[[ Given data, beginning ]]

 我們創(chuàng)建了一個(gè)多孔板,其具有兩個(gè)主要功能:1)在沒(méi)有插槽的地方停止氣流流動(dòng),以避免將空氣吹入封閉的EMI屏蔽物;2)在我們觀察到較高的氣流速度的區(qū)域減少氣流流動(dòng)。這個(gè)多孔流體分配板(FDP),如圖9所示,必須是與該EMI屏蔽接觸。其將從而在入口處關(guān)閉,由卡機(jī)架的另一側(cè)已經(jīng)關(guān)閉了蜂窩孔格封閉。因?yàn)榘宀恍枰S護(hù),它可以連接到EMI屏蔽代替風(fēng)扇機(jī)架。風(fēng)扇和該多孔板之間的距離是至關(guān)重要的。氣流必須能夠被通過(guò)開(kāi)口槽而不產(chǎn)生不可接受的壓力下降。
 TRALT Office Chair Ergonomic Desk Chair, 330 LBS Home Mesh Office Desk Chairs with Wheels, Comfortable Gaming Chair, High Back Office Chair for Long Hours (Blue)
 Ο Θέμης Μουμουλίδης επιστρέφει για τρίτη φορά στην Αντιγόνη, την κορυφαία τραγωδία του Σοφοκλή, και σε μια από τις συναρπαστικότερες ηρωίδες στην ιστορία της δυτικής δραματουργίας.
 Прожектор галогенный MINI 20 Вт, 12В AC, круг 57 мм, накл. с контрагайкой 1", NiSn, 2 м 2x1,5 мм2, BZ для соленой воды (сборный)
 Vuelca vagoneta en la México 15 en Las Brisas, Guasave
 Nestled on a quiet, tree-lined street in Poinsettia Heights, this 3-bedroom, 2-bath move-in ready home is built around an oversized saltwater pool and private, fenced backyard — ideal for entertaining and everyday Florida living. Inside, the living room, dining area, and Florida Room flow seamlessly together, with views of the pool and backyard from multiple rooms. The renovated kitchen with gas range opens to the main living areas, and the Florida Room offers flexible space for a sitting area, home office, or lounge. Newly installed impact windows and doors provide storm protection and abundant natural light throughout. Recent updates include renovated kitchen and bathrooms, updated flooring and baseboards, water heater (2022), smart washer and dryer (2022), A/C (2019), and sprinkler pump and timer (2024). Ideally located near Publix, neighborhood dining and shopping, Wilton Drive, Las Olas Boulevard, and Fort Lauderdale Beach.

[[ Given data, end ]]
[[ Given data, beginning ]]

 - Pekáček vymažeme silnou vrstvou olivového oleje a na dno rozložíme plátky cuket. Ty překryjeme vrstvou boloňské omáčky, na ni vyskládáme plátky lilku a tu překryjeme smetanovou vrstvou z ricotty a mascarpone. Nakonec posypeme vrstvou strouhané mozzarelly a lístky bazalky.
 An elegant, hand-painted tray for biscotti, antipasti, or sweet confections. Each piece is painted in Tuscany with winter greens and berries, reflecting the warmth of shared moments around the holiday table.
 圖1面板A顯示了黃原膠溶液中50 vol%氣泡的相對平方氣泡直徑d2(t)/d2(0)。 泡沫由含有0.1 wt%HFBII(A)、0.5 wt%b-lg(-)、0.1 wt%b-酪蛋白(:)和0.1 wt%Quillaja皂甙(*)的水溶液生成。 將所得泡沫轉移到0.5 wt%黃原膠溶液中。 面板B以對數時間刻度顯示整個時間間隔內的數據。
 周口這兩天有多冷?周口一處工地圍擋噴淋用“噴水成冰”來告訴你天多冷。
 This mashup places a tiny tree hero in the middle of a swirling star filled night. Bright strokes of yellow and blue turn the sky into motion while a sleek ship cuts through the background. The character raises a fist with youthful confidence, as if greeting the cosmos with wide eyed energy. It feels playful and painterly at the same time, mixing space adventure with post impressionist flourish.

[[ Given data, end ]]
[[ Given data, beginning ]]

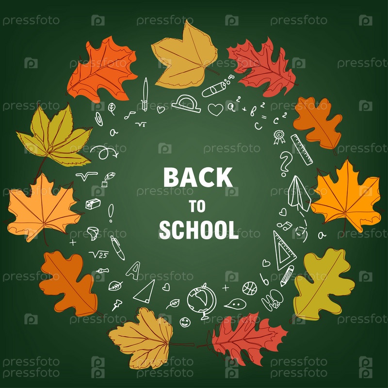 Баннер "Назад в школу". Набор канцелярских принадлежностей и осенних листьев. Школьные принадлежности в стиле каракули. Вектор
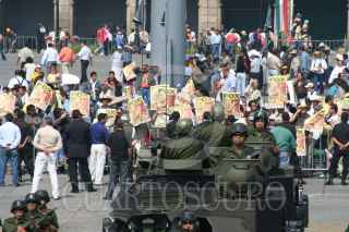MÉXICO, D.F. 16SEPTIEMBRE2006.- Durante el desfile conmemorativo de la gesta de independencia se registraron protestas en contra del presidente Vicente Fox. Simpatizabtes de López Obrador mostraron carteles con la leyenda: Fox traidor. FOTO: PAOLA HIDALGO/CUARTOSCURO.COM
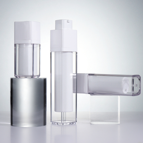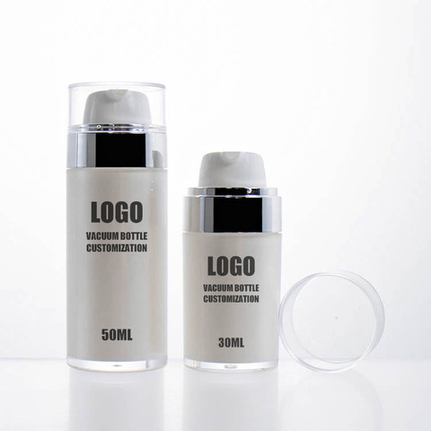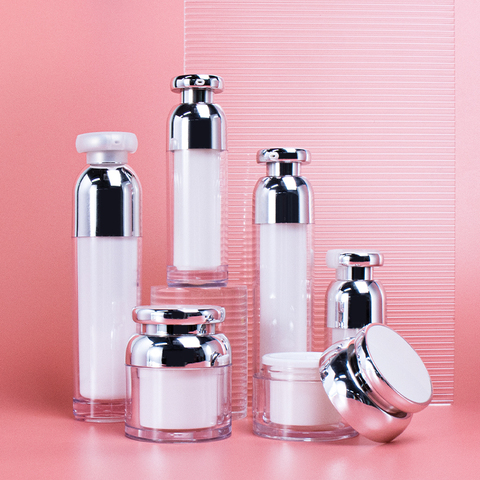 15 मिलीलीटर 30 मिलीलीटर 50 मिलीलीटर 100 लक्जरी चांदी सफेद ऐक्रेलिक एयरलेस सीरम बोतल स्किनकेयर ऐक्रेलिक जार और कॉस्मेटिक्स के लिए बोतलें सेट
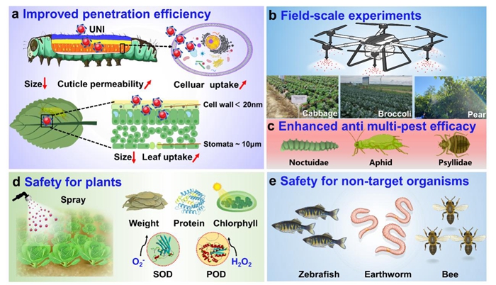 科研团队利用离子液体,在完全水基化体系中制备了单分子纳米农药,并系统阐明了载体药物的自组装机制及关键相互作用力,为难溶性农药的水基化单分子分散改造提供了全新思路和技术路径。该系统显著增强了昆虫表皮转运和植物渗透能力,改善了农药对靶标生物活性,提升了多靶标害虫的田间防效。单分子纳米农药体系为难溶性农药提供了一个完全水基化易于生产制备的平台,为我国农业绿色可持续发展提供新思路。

[[ Given data, end ]]

In the entries above, find the line with "我們創(chuàng)建了一" and the line with "Vuelca vagoneta en", then set down exactly those two and every line between them, nothing else.

[Result of this task]
 我們創(chuàng)建了一個(gè)多孔板,其具有兩個(gè)主要功能:1)在沒(méi)有插槽的地方停止氣流流動(dòng),以避免將空氣吹入封閉的EMI屏蔽物;2)在我們觀察到較高的氣流速度的區(qū)域減少氣流流動(dòng)。這個(gè)多孔流體分配板(FDP),如圖9所示,必須是與該EMI屏蔽接觸。其將從而在入口處關(guān)閉,由卡機(jī)架的另一側(cè)已經(jīng)關(guān)閉了蜂窩孔格封閉。因?yàn)榘宀恍枰S護(hù),它可以連接到EMI屏蔽代替風(fēng)扇機(jī)架。風(fēng)扇和該多孔板之間的距離是至關(guān)重要的。氣流必須能夠被通過(guò)開(kāi)口槽而不產(chǎn)生不可接受的壓力下降。
 TRALT Office Chair Ergonomic Desk Chair, 330 LBS Home Mesh Office Desk Chairs with Wheels, Comfortable Gaming Chair, High Back Office Chair for Long Hours (Blue)
 Ο Θέμης Μουμουλίδης επιστρέφει για τρίτη φορά στην Αντιγόνη, την κορυφαία τραγωδία του Σοφοκλή, και σε μια από τις συναρπαστικότερες ηρωίδες στην ιστορία της δυτικής δραματουργίας.
 Прожектор галогенный MINI 20 Вт, 12В AC, круг 57 мм, накл. с контрагайкой 1", NiSn, 2 м 2x1,5 мм2, BZ для соленой воды (сборный)
 Vuelca vagoneta en la México 15 en Las Brisas, Guasave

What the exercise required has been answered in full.